The multiplier indicates the number of shares (or fraction of one
share) of a security, given its market price, to be included in the
calculation of the Basket. The weightings established for each security
will assure that: (1) no single stock will represent more than 25% of
the weight of the Basket; (2) the five highest weighted stocks will
represent no more than 50% of the weight of the Basket; (3) foreign
country securities that are not subject to comprehensive surveillance
agreements will not in the aggregate represent more than 40% of the
weight of the Basket; (4) stocks for which the primary market is in any
one country that is not subject to a comprehensive surveillance
agreement do not represent 20% or more of the weight of the Basket; and
(5) stocks for which the primary market is in any two countries that
are not subject to the comprehensive surveillance agreements do not
represent 33% or more of the weight of the Basket.
The multiplier of each security of the Basket will generally remain
unchanged except for adjustments that may be necessary as a result of
stock splits or stock dividends.\9\ There will be no adjustments to the
multipliers to reflect cash dividends paid with respect to a portfolio
security.

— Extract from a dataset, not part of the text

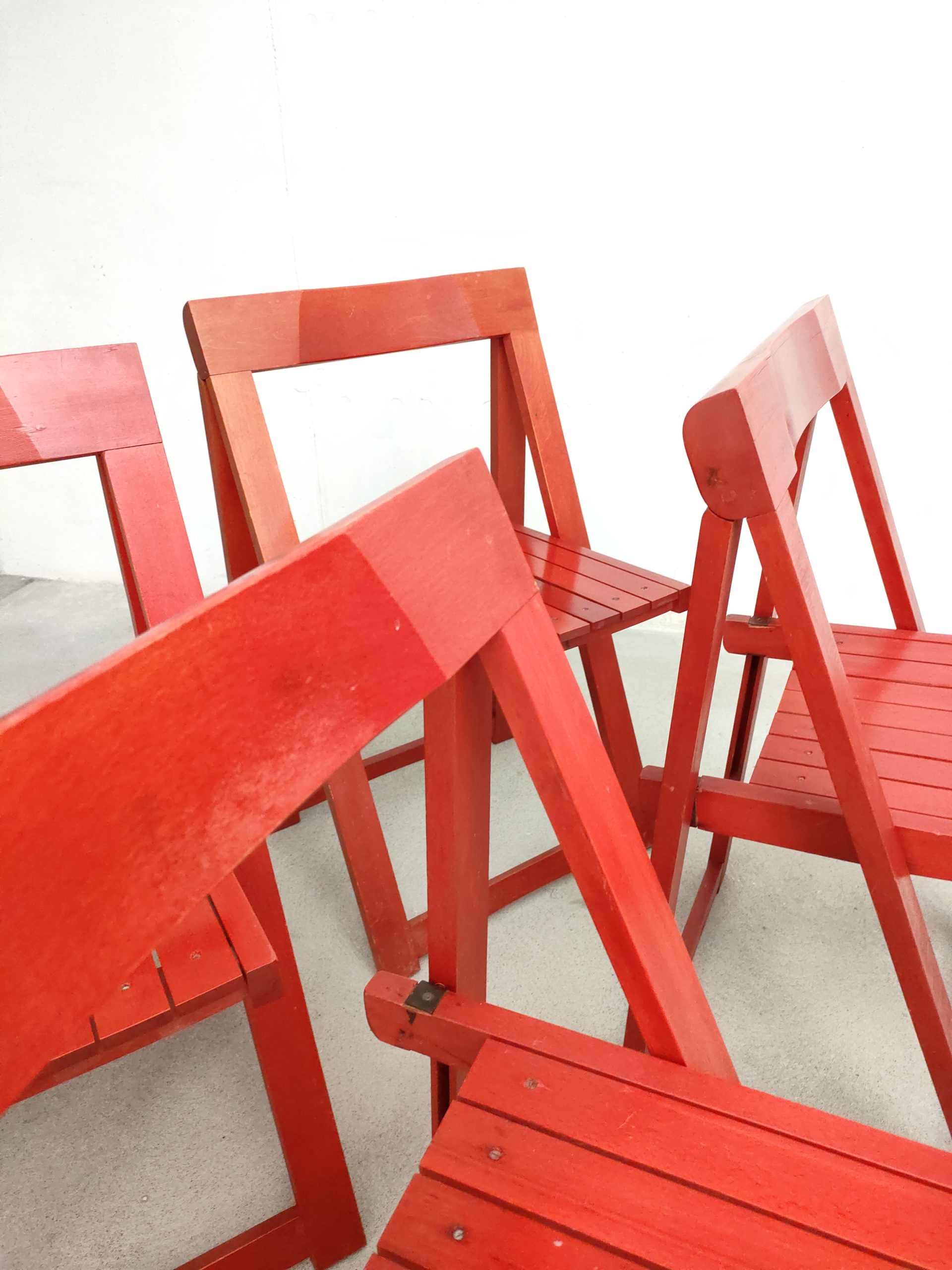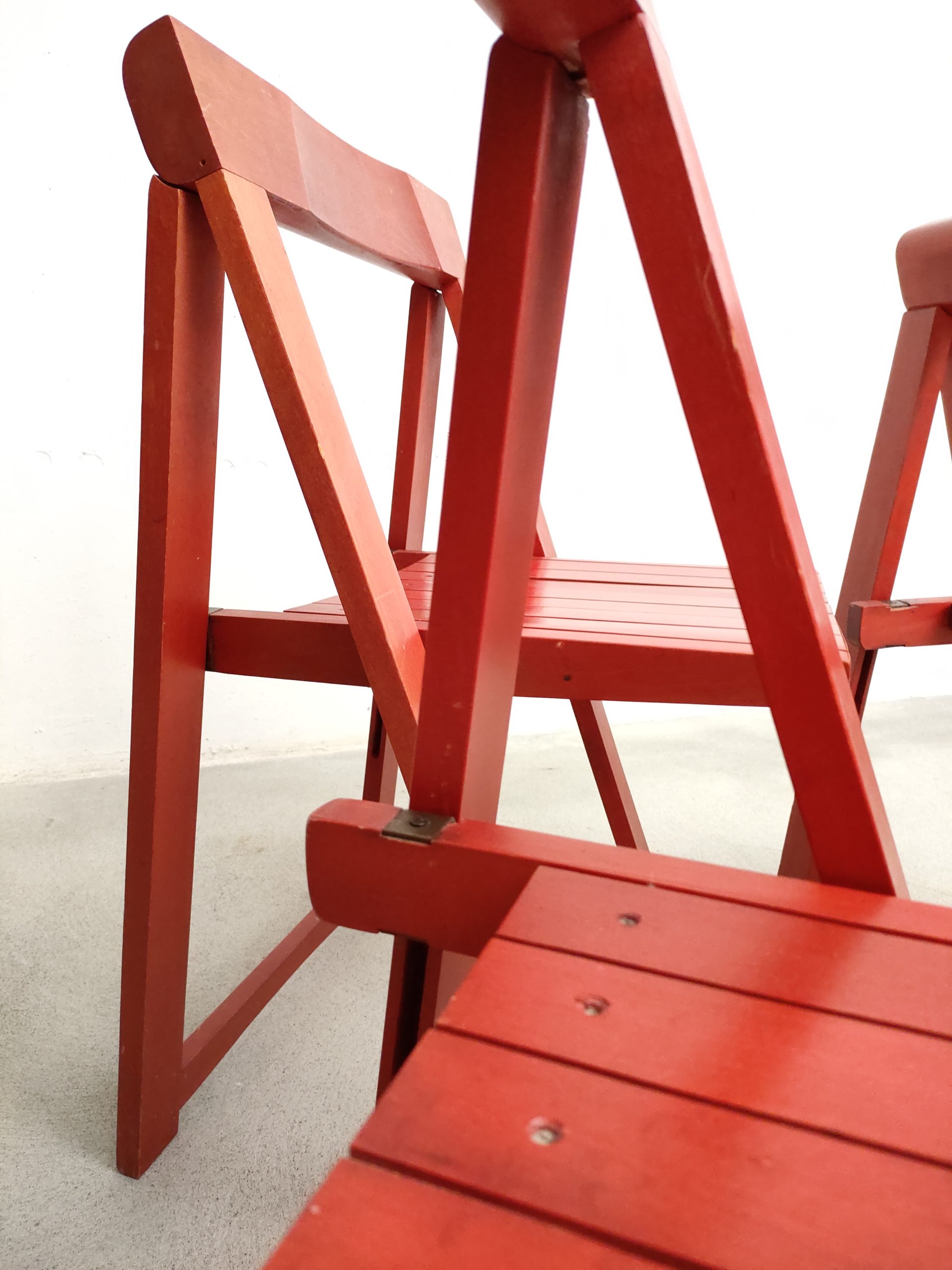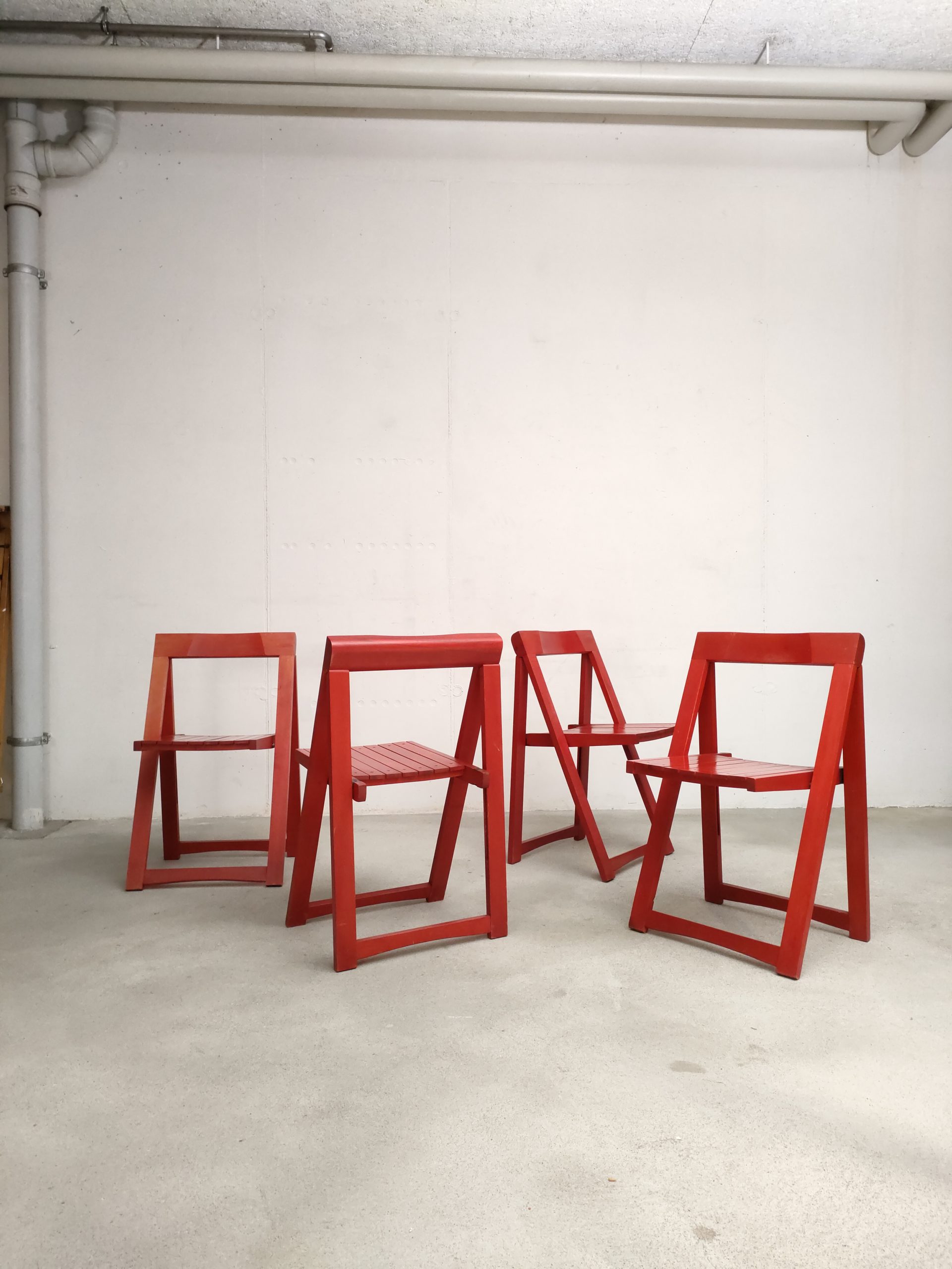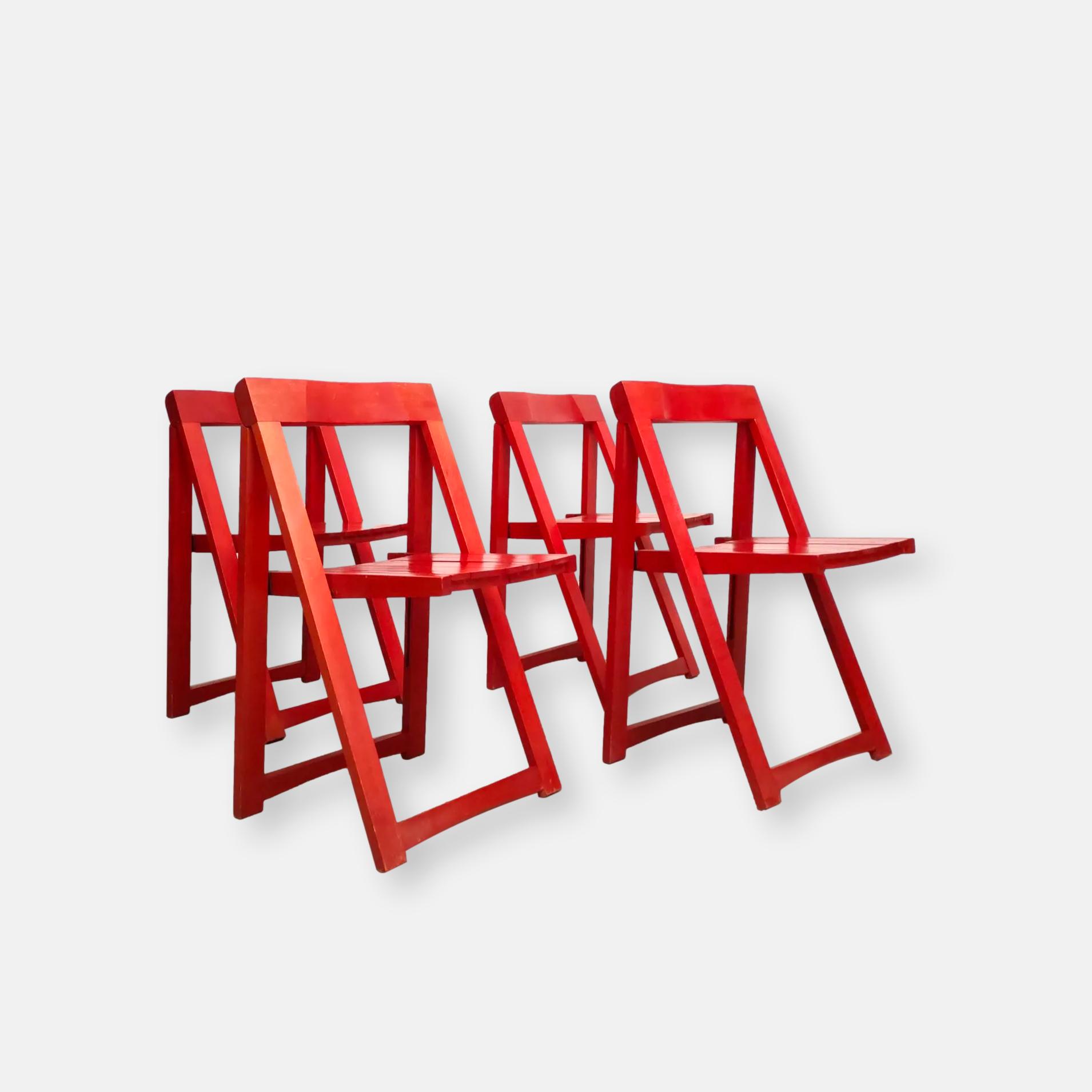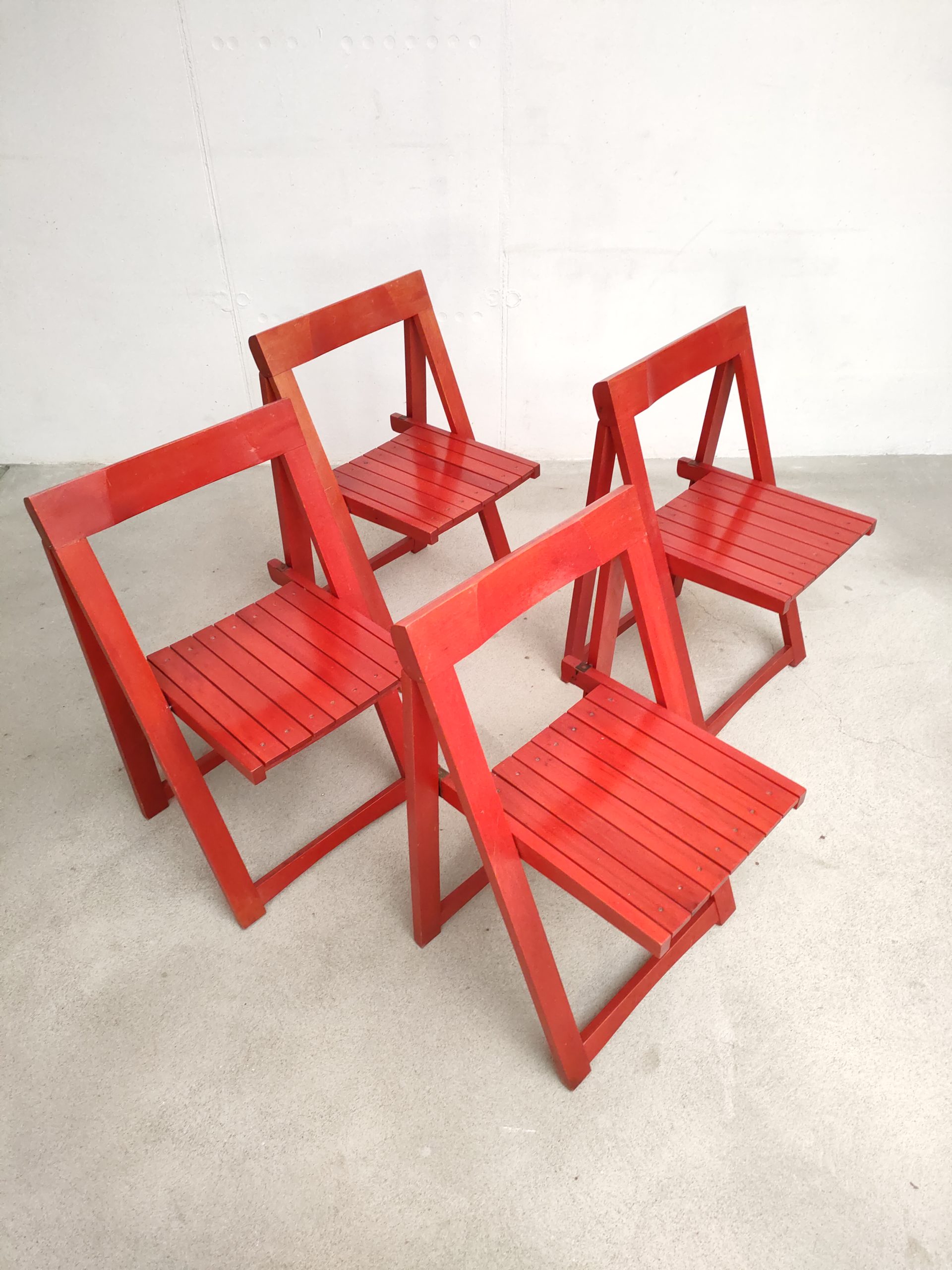Produit venduSet de 4 chaises pliantes en hêtre massif, dessinées par Aldo Jacober et produites par Alberto Bazzani. Elles présentes quelques marques sur le bois à cause de l’usure et au temps. Elles sont stables et solides et parfaitement fonctionnelles. Hauteur de l’assise: 45 cm devant et 43 cm derrière.

In addition, no adjustments of any multiplier of a portfolio
security will be made unless such adjustment would require a change of
at least 1% in the multiplier then in effect. If the issuer of a
security included in the Basket no longer exists, whether for reason of
a merger, acquisition or similar type of corporate control transaction,
Lehman Brothers will assign to that security a value equal to the
security's final value for the purposes of calculating portfolio
values.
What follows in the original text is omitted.